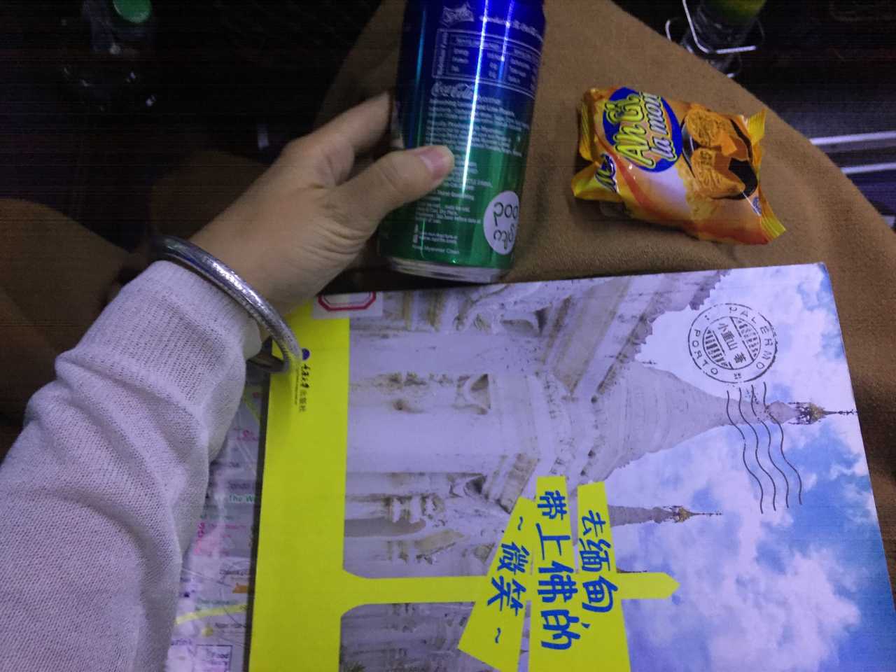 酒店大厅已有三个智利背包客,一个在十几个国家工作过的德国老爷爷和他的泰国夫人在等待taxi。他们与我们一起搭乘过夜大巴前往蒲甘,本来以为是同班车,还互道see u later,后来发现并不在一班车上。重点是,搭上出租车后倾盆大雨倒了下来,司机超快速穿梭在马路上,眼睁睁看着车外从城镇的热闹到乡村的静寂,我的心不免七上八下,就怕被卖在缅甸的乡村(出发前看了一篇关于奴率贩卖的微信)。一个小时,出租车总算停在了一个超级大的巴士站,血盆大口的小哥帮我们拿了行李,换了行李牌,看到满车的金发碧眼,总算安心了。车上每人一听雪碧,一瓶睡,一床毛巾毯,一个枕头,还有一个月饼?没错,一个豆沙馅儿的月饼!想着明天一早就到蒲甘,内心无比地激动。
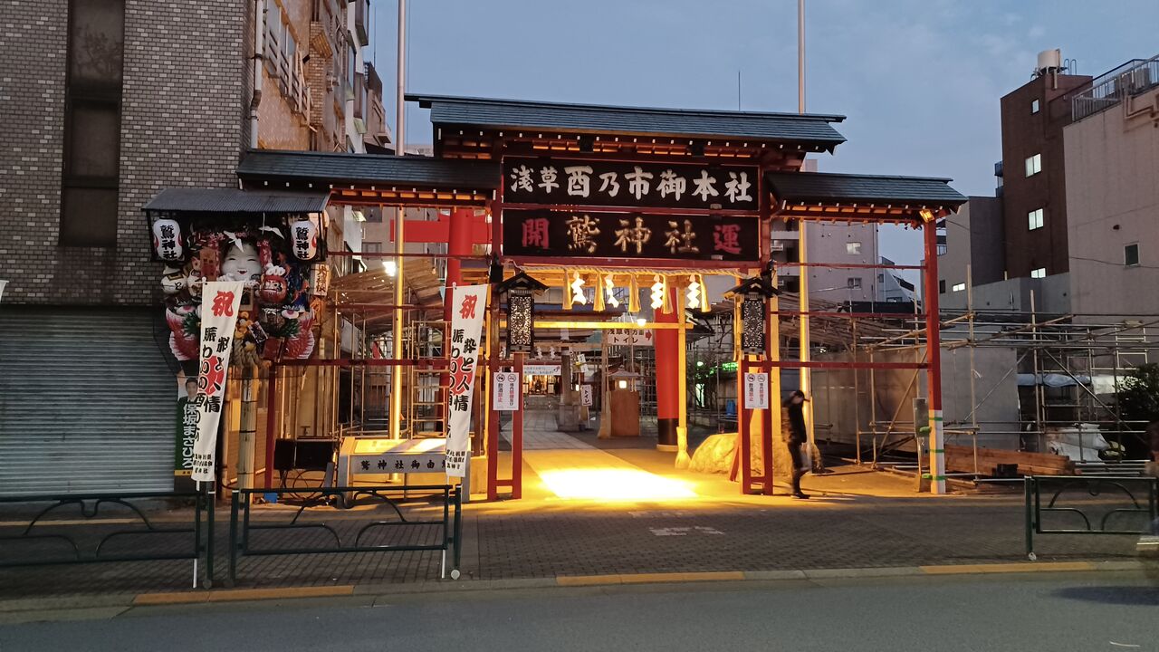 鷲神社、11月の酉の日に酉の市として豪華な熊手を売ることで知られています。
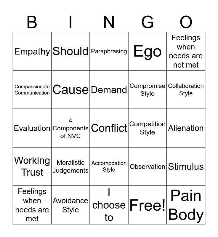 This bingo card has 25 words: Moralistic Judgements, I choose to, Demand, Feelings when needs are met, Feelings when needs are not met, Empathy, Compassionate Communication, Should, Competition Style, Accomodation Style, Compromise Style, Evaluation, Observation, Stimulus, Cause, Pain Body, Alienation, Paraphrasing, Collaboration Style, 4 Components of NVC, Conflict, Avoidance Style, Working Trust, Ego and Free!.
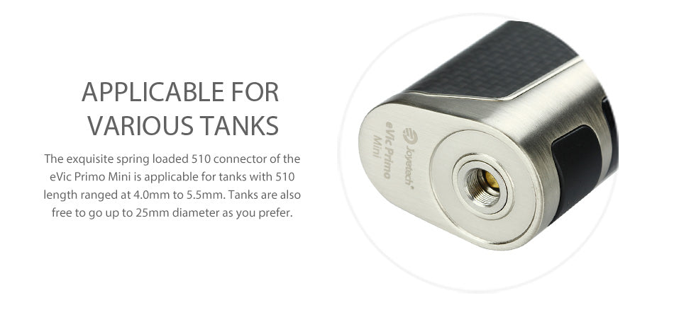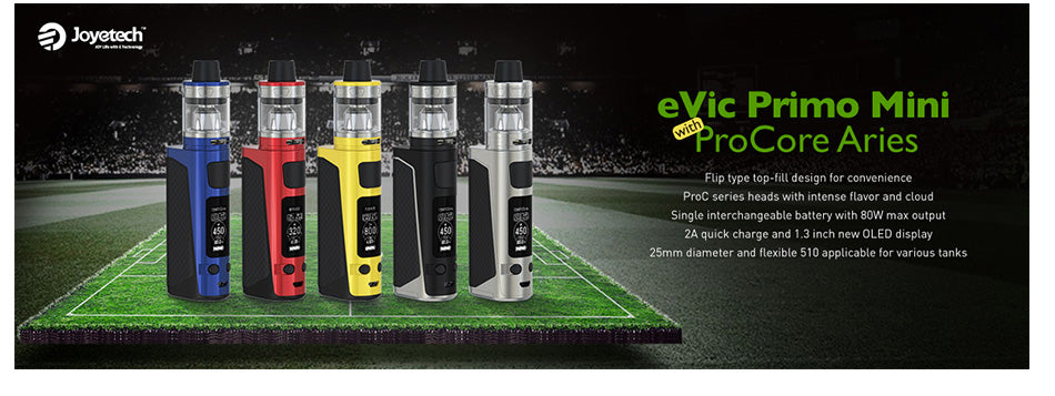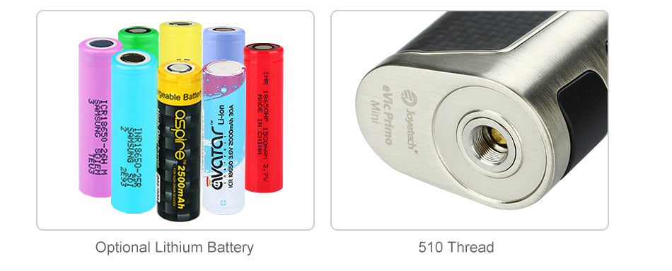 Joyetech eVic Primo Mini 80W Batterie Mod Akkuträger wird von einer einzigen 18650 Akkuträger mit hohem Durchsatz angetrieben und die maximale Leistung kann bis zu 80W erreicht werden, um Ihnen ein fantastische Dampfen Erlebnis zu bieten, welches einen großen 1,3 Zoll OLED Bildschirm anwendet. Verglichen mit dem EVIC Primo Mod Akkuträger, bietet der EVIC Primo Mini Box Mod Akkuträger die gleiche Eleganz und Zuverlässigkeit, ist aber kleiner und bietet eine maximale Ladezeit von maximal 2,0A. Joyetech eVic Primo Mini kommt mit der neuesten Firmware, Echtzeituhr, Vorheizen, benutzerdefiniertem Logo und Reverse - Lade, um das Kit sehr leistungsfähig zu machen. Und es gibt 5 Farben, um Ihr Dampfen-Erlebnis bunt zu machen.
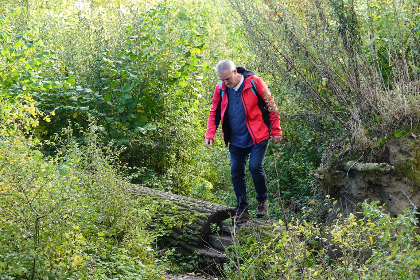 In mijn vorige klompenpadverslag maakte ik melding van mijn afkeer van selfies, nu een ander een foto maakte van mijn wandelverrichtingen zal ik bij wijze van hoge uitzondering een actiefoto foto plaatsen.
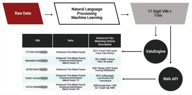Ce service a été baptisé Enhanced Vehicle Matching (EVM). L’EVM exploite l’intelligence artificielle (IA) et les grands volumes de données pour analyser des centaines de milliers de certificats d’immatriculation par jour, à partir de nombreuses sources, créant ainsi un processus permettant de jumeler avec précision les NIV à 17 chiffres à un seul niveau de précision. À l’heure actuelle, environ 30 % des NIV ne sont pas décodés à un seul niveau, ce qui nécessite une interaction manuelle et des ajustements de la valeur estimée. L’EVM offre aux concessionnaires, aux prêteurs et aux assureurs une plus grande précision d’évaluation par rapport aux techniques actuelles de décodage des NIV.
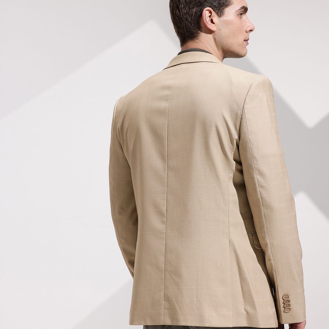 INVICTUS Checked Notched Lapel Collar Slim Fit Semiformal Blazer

◆ ◆ ◆ ◆ ◆

* **Exercise description**:
Each line of the records is to be reproduced exactly, and each picture dropped.

* **Result of the exercise**:
 酒店大厅已有三个智利背包客,一个在十几个国家工作过的德国老爷爷和他的泰国夫人在等待taxi。他们与我们一起搭乘过夜大巴前往蒲甘,本来以为是同班车,还互道see u later,后来发现并不在一班车上。重点是,搭上出租车后倾盆大雨倒了下来,司机超快速穿梭在马路上,眼睁睁看着车外从城镇的热闹到乡村的静寂,我的心不免七上八下,就怕被卖在缅甸的乡村(出发前看了一篇关于奴率贩卖的微信)。一个小时,出租车总算停在了一个超级大的巴士站,血盆大口的小哥帮我们拿了行李,换了行李牌,看到满车的金发碧眼,总算安心了。车上每人一听雪碧,一瓶睡,一床毛巾毯,一个枕头,还有一个月饼?没错,一个豆沙馅儿的月饼!想着明天一早就到蒲甘,内心无比地激动。
 鷲神社、11月の酉の日に酉の市として豪華な熊手を売ることで知られています。
 This bingo card has 25 words: Moralistic Judgements, I choose to, Demand, Feelings when needs are met, Feelings when needs are not met, Empathy, Compassionate Communication, Should, Competition Style, Accomodation Style, Compromise Style, Evaluation, Observation, Stimulus, Cause, Pain Body, Alienation, Paraphrasing, Collaboration Style, 4 Components of NVC, Conflict, Avoidance Style, Working Trust, Ego and Free!.
 Joyetech eVic Primo Mini 80W Batterie Mod Akkuträger wird von einer einzigen 18650 Akkuträger mit hohem Durchsatz angetrieben und die maximale Leistung kann bis zu 80W erreicht werden, um Ihnen ein fantastische Dampfen Erlebnis zu bieten, welches einen großen 1,3 Zoll OLED Bildschirm anwendet. Verglichen mit dem EVIC Primo Mod Akkuträger, bietet der EVIC Primo Mini Box Mod Akkuträger die gleiche Eleganz und Zuverlässigkeit, ist aber kleiner und bietet eine maximale Ladezeit von maximal 2,0A. Joyetech eVic Primo Mini kommt mit der neuesten Firmware, Echtzeituhr, Vorheizen, benutzerdefiniertem Logo und Reverse - Lade, um das Kit sehr leistungsfähig zu machen. Und es gibt 5 Farben, um Ihr Dampfen-Erlebnis bunt zu machen.
 In mijn vorige klompenpadverslag maakte ik melding van mijn afkeer van selfies, nu een ander een foto maakte van mijn wandelverrichtingen zal ik bij wijze van hoge uitzondering een actiefoto foto plaatsen.
Ce service a été baptisé Enhanced Vehicle Matching (EVM). L’EVM exploite l’intelligence artificielle (IA) et les grands volumes de données pour analyser des centaines de milliers de certificats d’immatriculation par jour, à partir de nombreuses sources, créant ainsi un processus permettant de jumeler avec précision les NIV à 17 chiffres à un seul niveau de précision. À l’heure actuelle, environ 30 % des NIV ne sont pas décodés à un seul niveau, ce qui nécessite une interaction manuelle et des ajustements de la valeur estimée. L’EVM offre aux concessionnaires, aux prêteurs et aux assureurs une plus grande précision d’évaluation par rapport aux techniques actuelles de décodage des NIV.
 INVICTUS Checked Notched Lapel Collar Slim Fit Semiformal Blazer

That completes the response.